Analysis of transport/reaction processes in biological systems using volume and area averaging methods: Applications in tissue engineering and transdermal drug delivery

Mathematical models are derived to describe the regeneration of cartilage in vitro for tissue engineering applications and iontophoretic drug delivery through the skin utilizing volume and area averaging methods. These multi-phase biological systems were chosen due to their complex geometry, where averaging methods prove most useful in simplifying the modeling process, and to their relevance to current medical applications.; The regeneration of cartilage is a dynamic process where chondrocytes (cartilage cells) are seeded and grown in a polymer scaffold. Four mathematical models have been developed to determine if chondrocyte growth is diffusion-limited by nutrient and product concentrations in the polymer scaffold. All of the models were compared directly or qualitatively to experimental results of cartilage regeneration in variously thick polymers (Freed et al., 1994a).
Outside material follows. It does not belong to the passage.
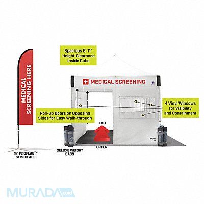 Medical Screening Kit Length 10 ft Width 10 ft Center Height 6 ft 11 in White Material Vinyl Fire Rating CAN/ULC-S109 CPAI-84 NFPA-701 Includes 16 Slim Blade ProFlagTM Deluxe Roller Bag Deluxe Weight Bag set Medical Cube Shelter
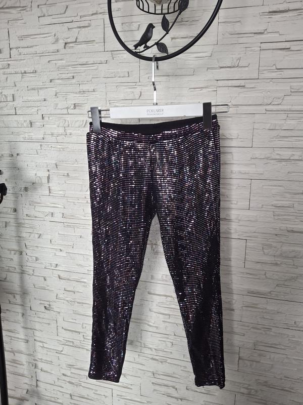 Черные спортивные лосины для тренировок гимнастикой или танцев. Верх в розово-малиновых пайетках. Они крепко держатся. На обороте эластан. Фирменные. Качественные. К телу не кусящие. Эластичность хороша. Выглядят бомбезно. Их можно и на выступы одеть. Состояние отличное. Нюанс рисушечкий. Показано на останньому фото. Там 3 пайетки нет. Носилы не долго, потому что имели много одежды. Рост 140см. В талии 31см. Длина 72см.

The volume averaging method provided a means of coupling the cell growth equation to the transport equations through effective diffusion and metabolic rate coefficients. The results of this analysis concluded that diffusional limitations on cell growth alone could not account for the cell growth trends shown in the experimental data (Freed et al., 1994a).; Modeling of iontophoretic transport of hydrophilic uncharged molecules through the skin was performed to analyze the relative flow rates through the various pathways of the skin. The system consisted of four compartments: (1) a donor cell, (2) dermal tissue, (3) shunts of the skin, and (4) stratum corneum. The area averaging method was used in simplifying the modeling process for the shunts of the skin. The effects of applied electric field, number of shunts in a skin sample, shunt surface potential, and blood flow rate on the relative flow rates were analyzed. It was concluded that application of an electric field, which increased the electroosmotic, flow in the shunts, increased the variety of hydrophilic uncharged molecules that can pass through the shunts.; The averaging methods used in this dissertation provided a very useful and unique way to analyze transport and reaction in complex biological systems. Both mathematical approaches are not only versatile but also allow for the derivation of effective transport parameters, which can be compared to obtainable experimental data.